It is uncertain when the first cigar was created. It was most likely somewhere in the areas surrounding the Caribbean Sea, perhaps in Cuba or Hispaniola (Dominican Republic and Haiti) where Christopher Columbus and his merry first landed and observed the native people smoking from these strange leaves wrapped and tied in cylinder or wrapped up in palm or plantain leaves.
This early, primitive form of cigar was adopted by the Spanish and other European sailers and smoking them spread to Spain, Portugal, and France through Jean Nicot, the French ambassador who gave his name to nicotine. After, tobacco smoking and cigars reached Italy and Britain, through Sir Walter Raleigh and his voyages to the Americas.
Cigar smoking was everywhere in Europe and tobacco smoking through pipes became popular in Britain by the middle of the 16th century. By the end of the century, tobacco was being grown in the Americas commercially. Around that time, tobacco also made its way to the Philippines and spread widely across the country. Spread among Catholic missionaries, it was discovered that the soil and climate conditions in the Philippines was ideal for growing quality tobacco.

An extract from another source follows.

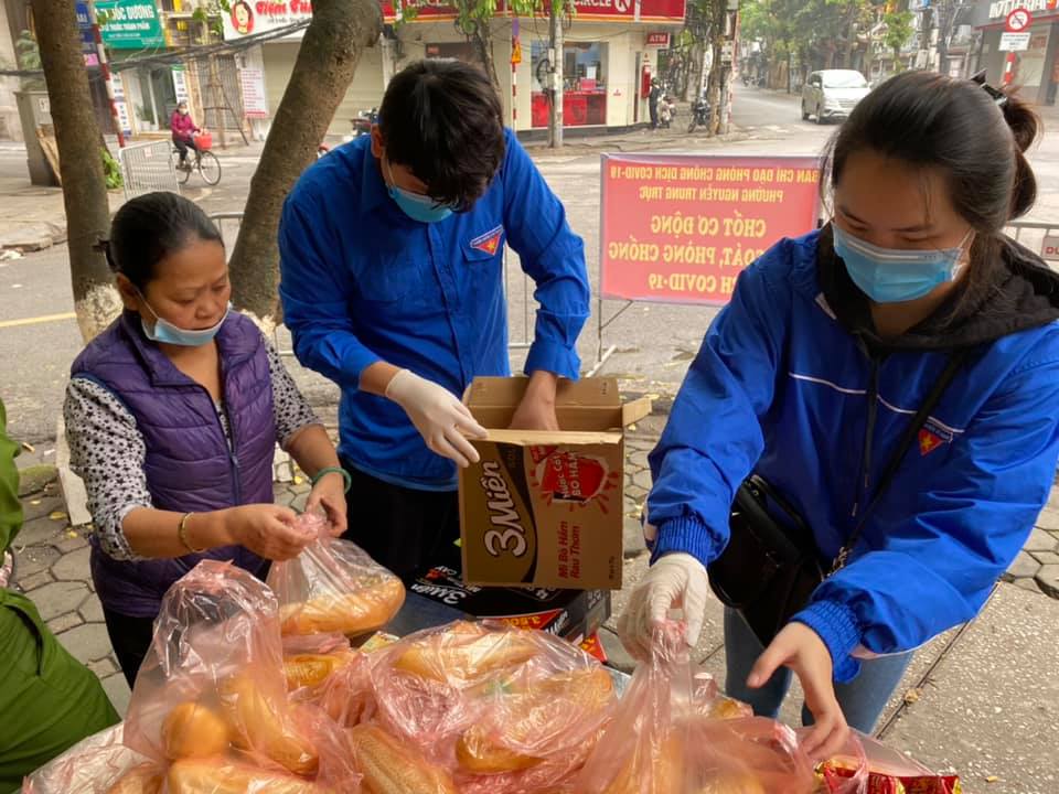 Đoàn Thanh niên phường và các mạnh thường quân tổ chức phát 100 suất quà mỗi ngày gồm: mỳ gói, bánh mì và sữa đến hết ngày 15/4/2020.

By the 1800’s, cigar smoking was very common, and cigarette smoking still very rare. The cigar business became a very important part of growing society, providing employment in factories as mechanized manufacturing of cigars became prevalent and practical.
Cigar manufacturing spread from Cuba and the Philippines up to Key West, Florida, on to the Tampa area and as far north as New York. Tampa became known as the “Cigar Capital of the World,” with thousands of people coming for the tobacco each year.
In New York, cigar rolling was a done more on an individual basis, being rolled in private homes. In 1883, it was reported that cigars were being produces in as many as 127 different apartment complexes. Those numbers equated to about 1,962 families and 7,924 employees.